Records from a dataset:
_ _ _

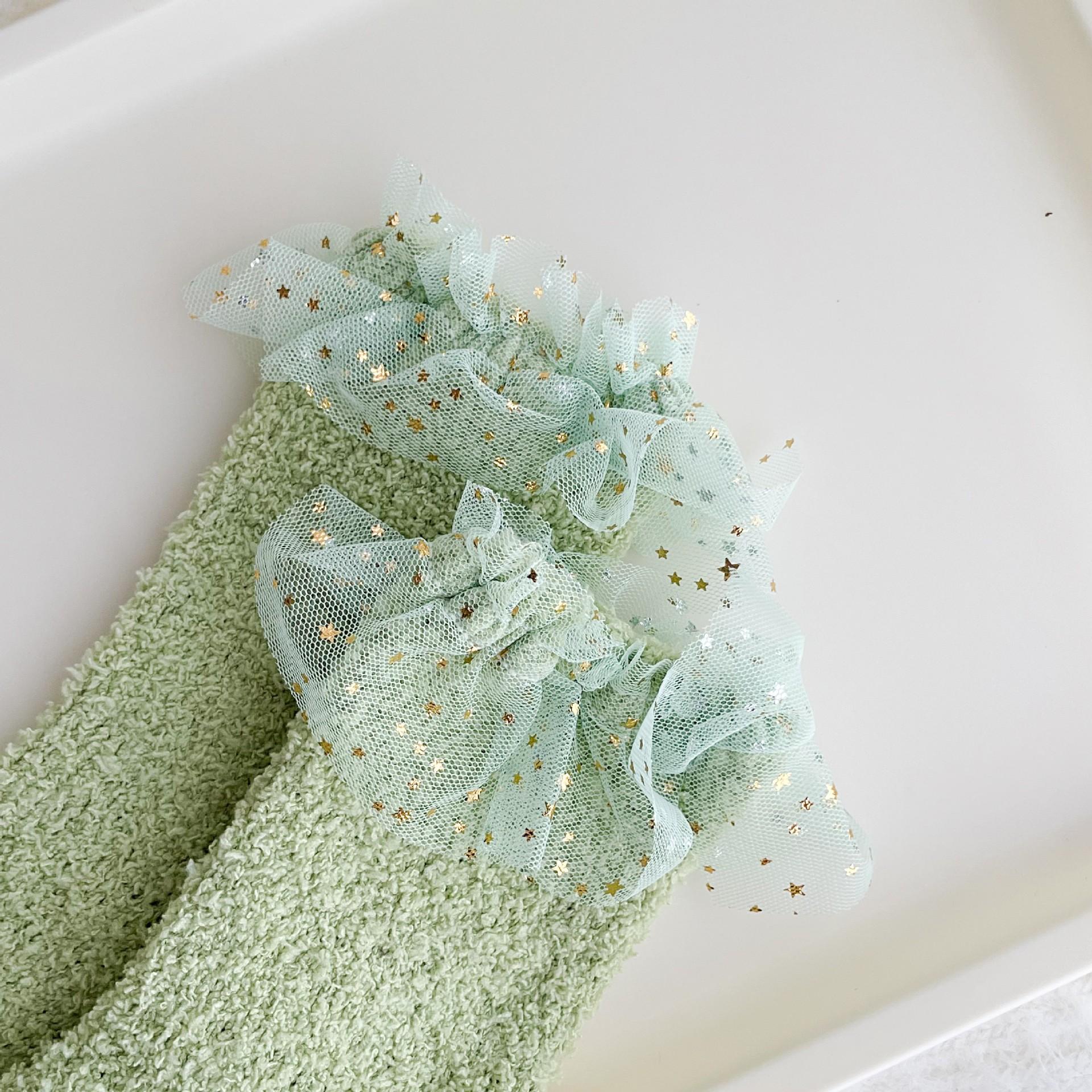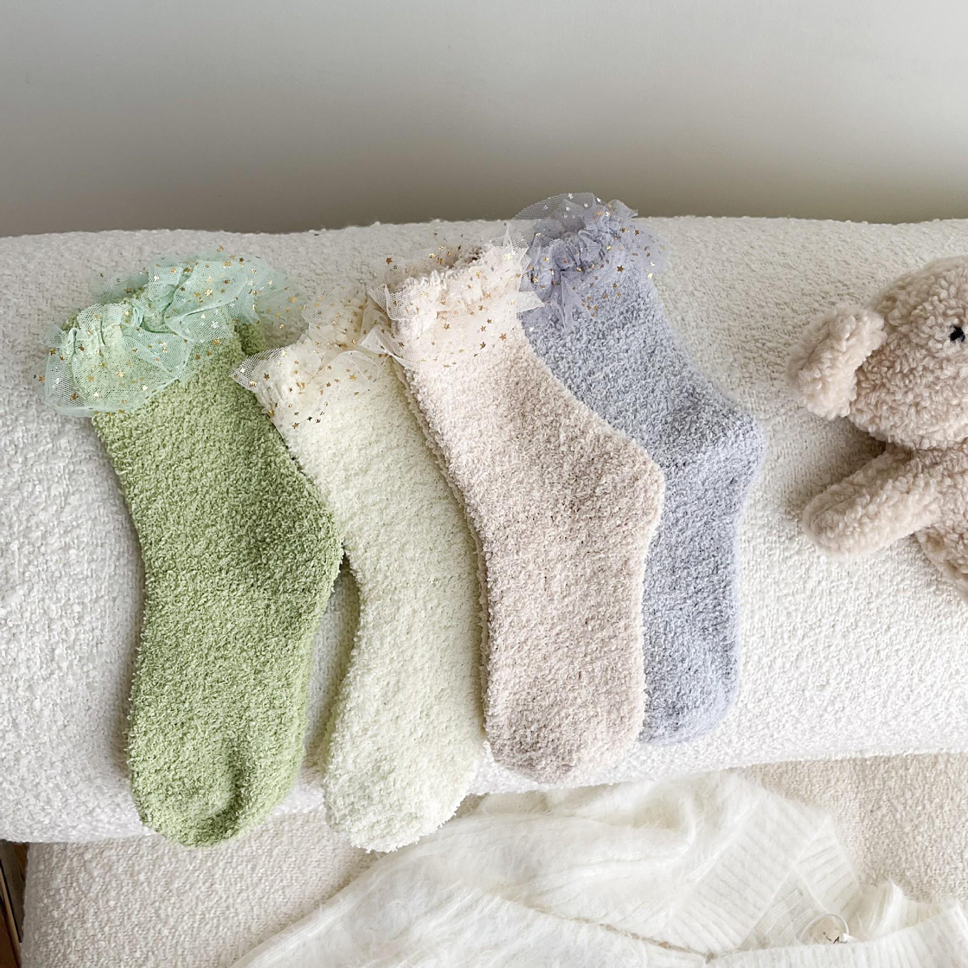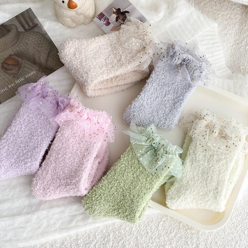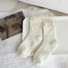 Calcetines cálidos de invierno para mujer, de encaje, bonitos y bonitos, de forro polar coral, hasta la mitad de la pantorrilla, para el hogar, venta al por mayor
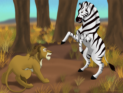 "A disgrace, am I?" the lion grinned evilly. Kovu never forgets.For the current contest at TLKFAA, 'I Could Eat A Whole Zebra'.
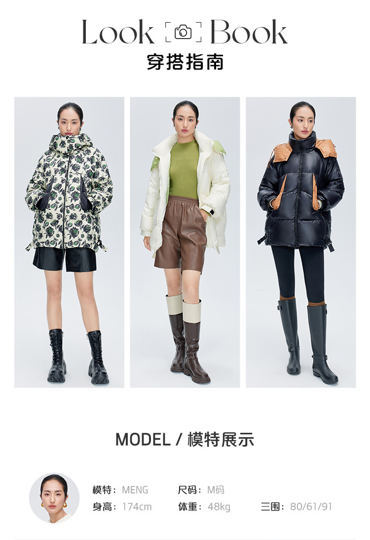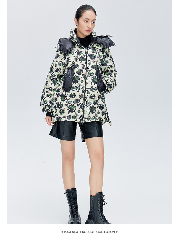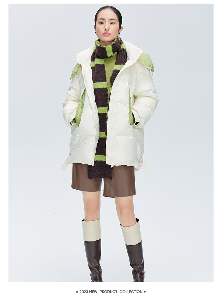 商场同款秋冬时尚御寒连帽羽绒服女口袋撞色保暖鸭绒服女式外套 217430
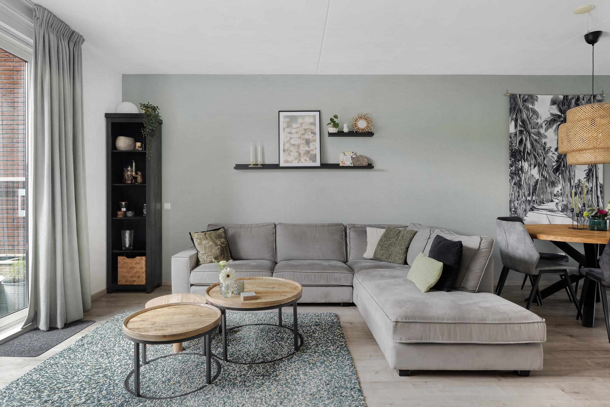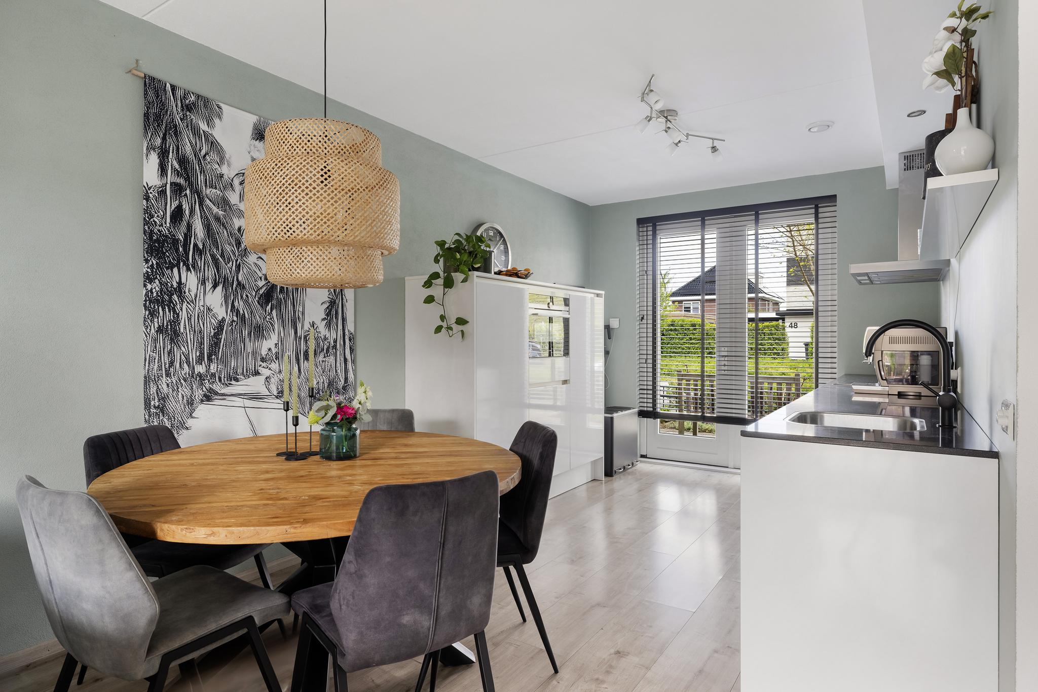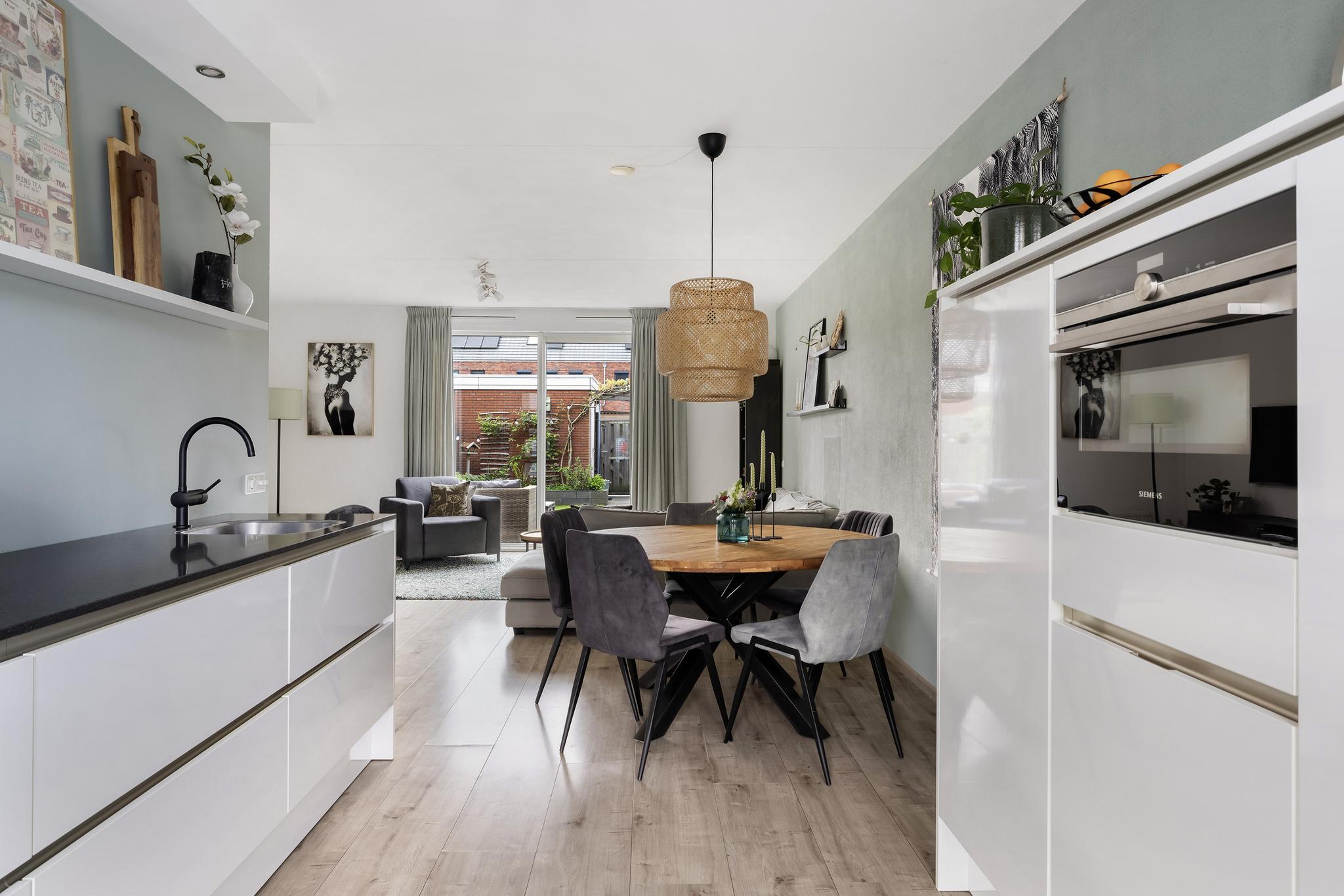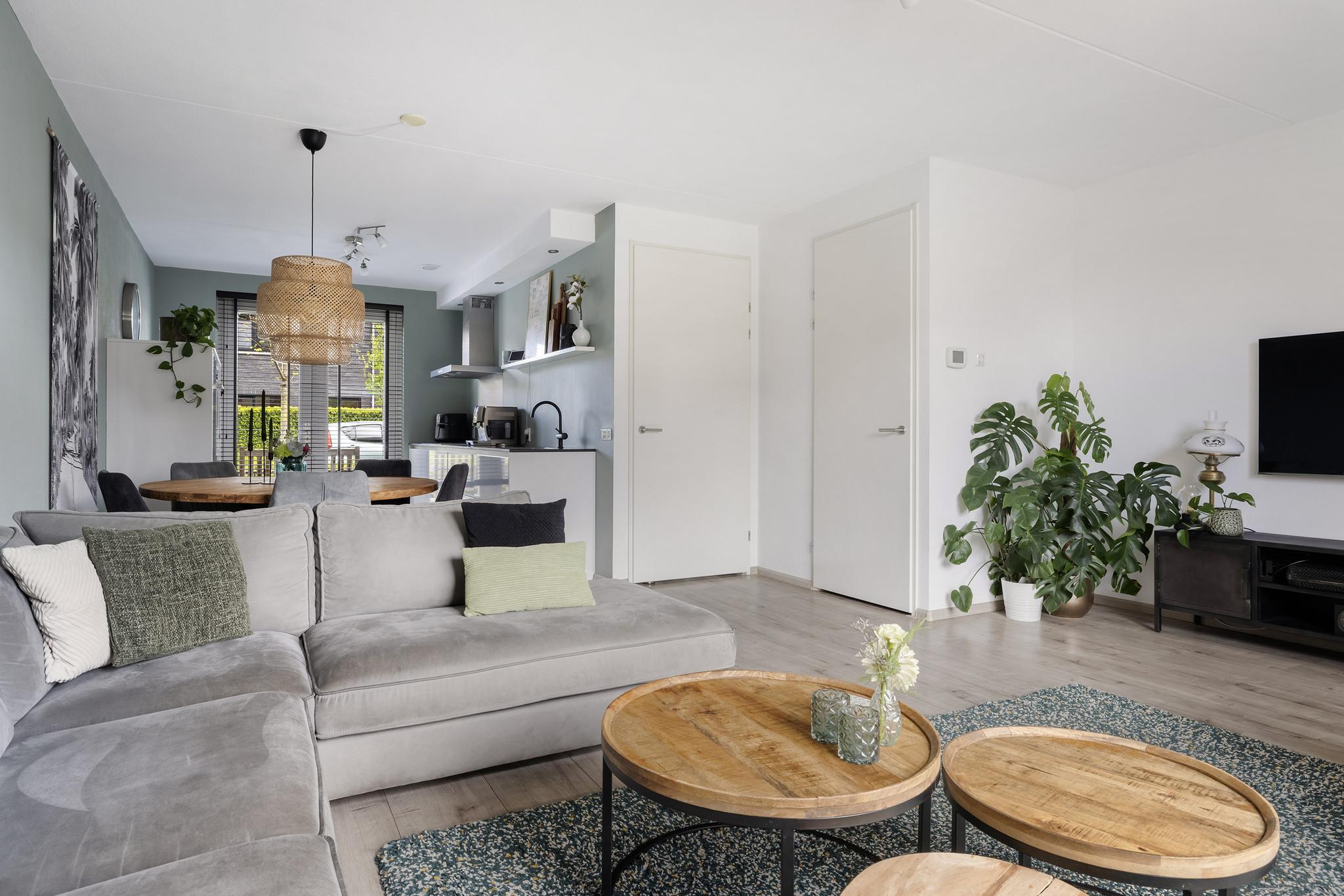 De woonkamer heeft een open verbinding met moderne keuken en vanuit hier kun je aan de voorkant de boel in de gaten houden.
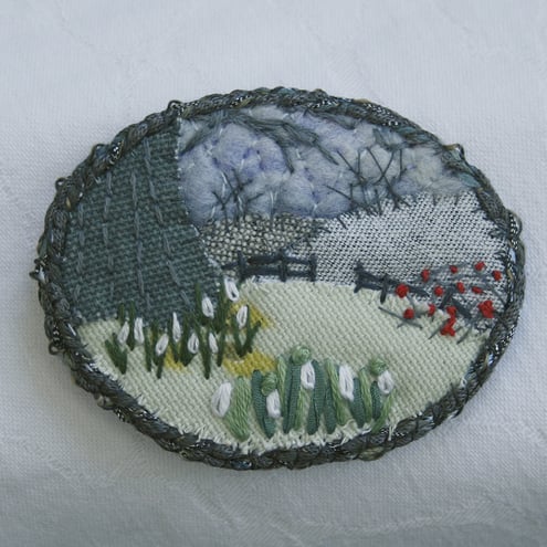 This scene has been hand appliqueed, from scraps of grey and pale green fabric. Distant trees, fence, and hedge are stitched in a mixture of threads. The snowdrop leaves in the foreground, are embroidered in silk ribbon, the snowdrop flowers in embroidery thread.

_ _ _

> Exercise: Return exactly, and only, the lines that run from the line containing "A Whole Zebra'." to the last line of the entries above, both ends included, with pictures left out.

> Exercise answer:
 "A disgrace, am I?" the lion grinned evilly. Kovu never forgets.For the current contest at TLKFAA, 'I Could Eat A Whole Zebra'.
 商场同款秋冬时尚御寒连帽羽绒服女口袋撞色保暖鸭绒服女式外套 217430
 De woonkamer heeft een open verbinding met moderne keuken en vanuit hier kun je aan de voorkant de boel in de gaten houden.
 This scene has been hand appliqueed, from scraps of grey and pale green fabric. Distant trees, fence, and hedge are stitched in a mixture of threads. The snowdrop leaves in the foreground, are embroidered in silk ribbon, the snowdrop flowers in embroidery thread.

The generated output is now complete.